Therapy at the Shepherd Center

I’ve done a few sessions of both Occupational and Physical Therapies thus far and both are going well. Time spent at the Shepherd Center is always time well spent.

Rebecca, my occupational therapist, works with me to improve and/or maintain the skills I need to function regularly everyday and as such, the care of the left arm and hand fall into the OT range. I don’t know that I really ever explained what has happened to my left arm…just like my left leg, it is spastic. The muscles used to open my left hand are tight and tense, hence the reason it always curls up and constantly looks like I’m forming a fist (the good news here is that it doesn’t lock up like that; it’s very pliant and I can manipulate it if I want). The same stands true for the muscles along the outer arm so the arm is hardly ever really straight and if I’m not focusing on it at all (or not holding the walker), it is almost always completely bent. Besides the normal exercises of moving something from one place to the next, which is so extremely frustrating when u have a “pok hand”, I have used the Functional Electrical Stimulation Bicycle. The bike works similarly to my bionic foot by stimulating the nerves in my hand and arm to encourage them to function normally. Rebecca placed electrodes on my wrists, forearms, biceps, triceps and the back of my shoulder blades, strapped my hand in place and as the bike started moving so did I to power it thru (pedalling with the left arm). I’m sure that I would not have lasted as long as I did without the stimulation and my movements would not have been as fluid. Shepherd Center offers membership in an MS Wellness program where one can go use the facility and all the equipment on a regular basis and I sure wish I can join to take advantage of everything they have to offer consistently but alas, it’s only available and staffed M-F 8-5, so while I may be able to make it work, it’ll take a Herculean effort of coordination etc to do so.

see my arm strapped in there
it’s in motion here

here’s a short clip of it in action:

IMG_4262

the other piece of equipment that I used (and already told u about) is the Bertec Balance Plate. I stand in front of an open dome if u will on a platform that has sensors to pick up how I’m standing to measure how balanced I am. Additionally, the inside of the dome is a screen on which moving lines, moving circles etc can be displayed. Is my weight distributed evenly between both legs? When the platform moves, how do I react to get back in balance? When the display changes, do I lose my balance and how quickly do I regain it? You get the picture…some of the exercises were easy enough to do and then there was this one below…lol. In the grand scheme of things, I didn’t do so terribly badly but  multitasking is when I tend to lose “form” and my reaction to things getting out of whack needs some work (it cemented one thing that I tell people all the time – I shouldn’t laugh and walk at the same time).

I wish I had some other pictures of the entire machine but say what.

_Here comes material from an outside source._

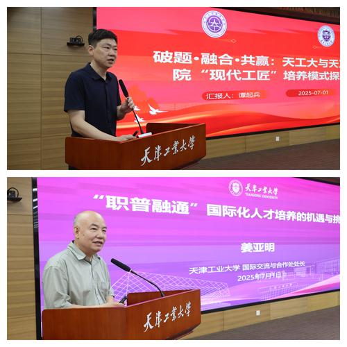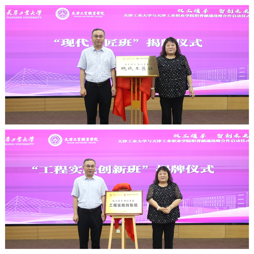 姜勇、杨理连代表双方签署了职普融通战略合作框架协议。林立刚、张秀芳代表双方为“现代工匠班”和“工程实践创新班”揭牌。这标志着我市首个深度整合普通高等教育与职业教育资源的创新培养模式正式落地。天津工业职业学院教务部部长谭起兵、开云足球国际教育学院院长姜亚明分别作了主旨报告。

The goal of that exercise was to keep that yellow star in the middle of the grocery aisle as I moved thru. Started off easy enough and then boxes started appeared in the aisle that I had to avoid hitting and wouldn’t u know it some of the boxes were moving side to side. When Joy, the PT asked me what dairy products I saw on the shelves, I said “wait? Wha???” Multitasking! Now I had to maintain my balance, lookout for and avoid hitting the boxes AND keep an eye out for dairy products? I told her that I think I’d seen a fish fly by! At some point the platform may have started moving too. I worked my ass off yesterday morning, no doubt.  In fact, it was funny because by the time I reached back home and throughout the day yesterday, I noticed that I really wasn’t keeping my balance very well but that was no surprise really, cuz those muscles put in some good work that morning.

Alright.  Well I gone so.  thanks for passing thru…as u were!

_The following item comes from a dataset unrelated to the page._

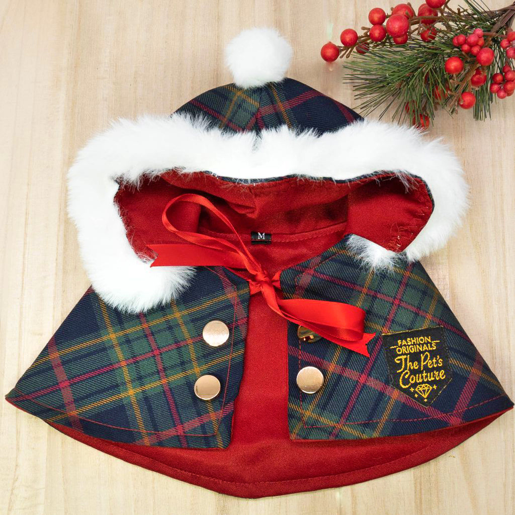 Xmas Hoodie Cape - Dark Green Ornaments Print with Red Faux Fur Trimmings
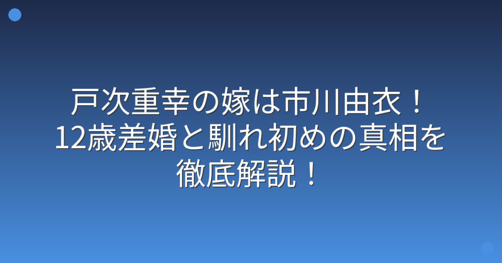 戸次重幸の嫁は市川由衣!12歳差婚と馴れ初めの真相を徹底解説!

Physical Therapy at the Shepherd Center

After being on the waiting list since about May, I finally got the call that the Shepherd Center was ready for me and i started physical and occupational therapy three weeks ago. It’s going really well but lemme tell u, the shit wipes me out! I’ve been going every Wednesday at 1 and I’m done at 3, and yesterday was the first day that I actually stayed awake for the entire ride home. I am tired fuh so at the end of every session.

When I was diagnosed, I used to go to an arbitrary neurologist. A few years later, I’d started experiencing some things and and my manager at the time suggested that I reach out to the Multiple Sclerosis Society to ask them for a referral for an MS specific neurologist/facility. That’s how I found the MSCA and to this day, I think that her advice was some of the best I’ve received since starting my fight. I myself pass that same advice along to any newly diagnosed person with whom I’m in contact. Well I took that same advice last year when I found myself trying to start up physical therapy again.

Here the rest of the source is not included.